Product brands are about products. Mars, a classic Product brand, doesn’t answer back, doesn’t get tired, isn’t anxious, is always ready to perform and always tastes the same. Every experience with a Product brand is/should be identical. Service brands aren’t like that. Service brands are about people. People who represent the organization lose their tempers, get tired and anxious, and sometimes have just had enough that day. Every experience with a Service brand is therefore different.

Whatever you feel the Starbucks brand stands for, one thing all Starbucks customers can agree upon is that the chain has elevated the ubiquitous coffee house to much more than a commodity by making it a special, customer oriented experience, it’s become a Service Brand.
Similarly, Virgin has done the same with everything from air and space travel to music festivals.
The Virgin ‘Service’ brand revolves around delivering value pricing, high quality, fun, innovation, while being authentic, people-oriented, hip, and associated with Virgin founder Sir Richard Branson and his personal reputation. Not to mention – great customer service.
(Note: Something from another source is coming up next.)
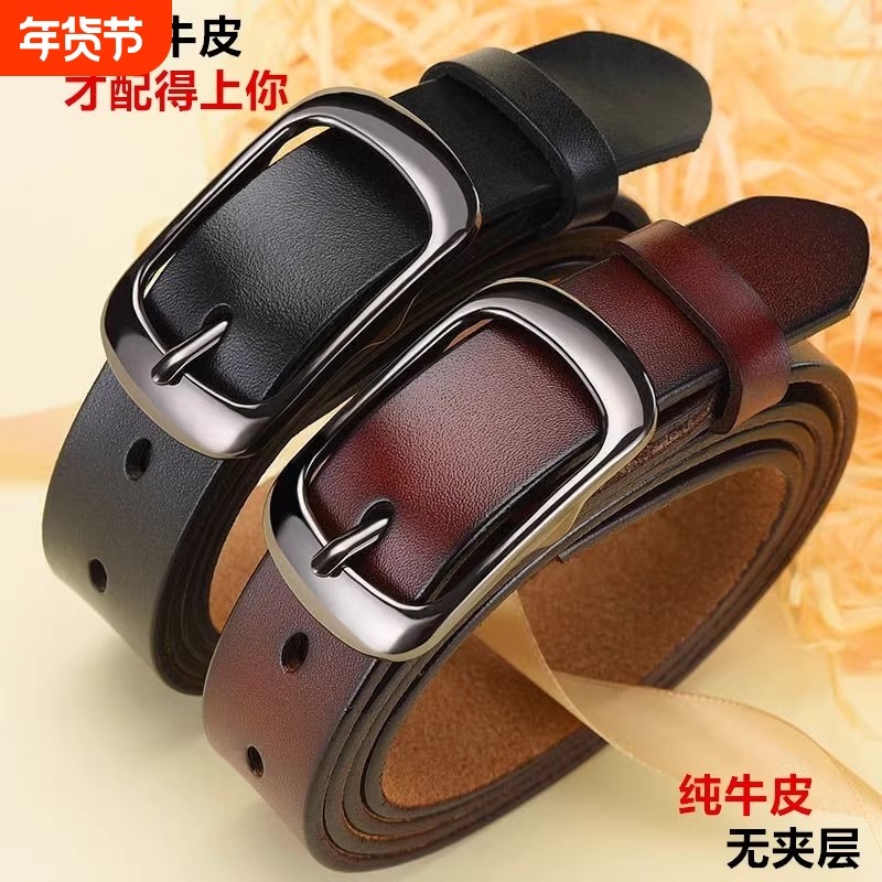 真牛皮女士皮带真皮腰带休闲百搭韩版复古针扣头层潮流时尚个性纯
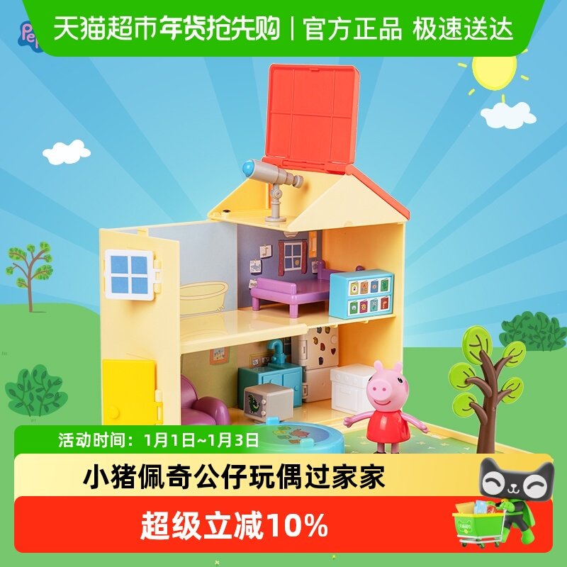 小猪佩奇场景玩具屋速开收纳房子女孩佩琪公仔玩偶宝宝过家家玩具

Many of the people who are in charge of managing Service brands (CMO’s, MD’s, Call Centre Directors, Customer Service Directors) have been trained in the traditional school of creating great consumer product brands. Their attempt to manage Service brands as though they are Product brands has created vast problems.

For the customer, the person who represents the brand is the brand.
If the person representing the brand doesn’t perform properly, the relationship between the brand and the customer may collapse.
The implication of this is that service-based organizations have to focus on their internal employees to a far greater extent than product-based organizations.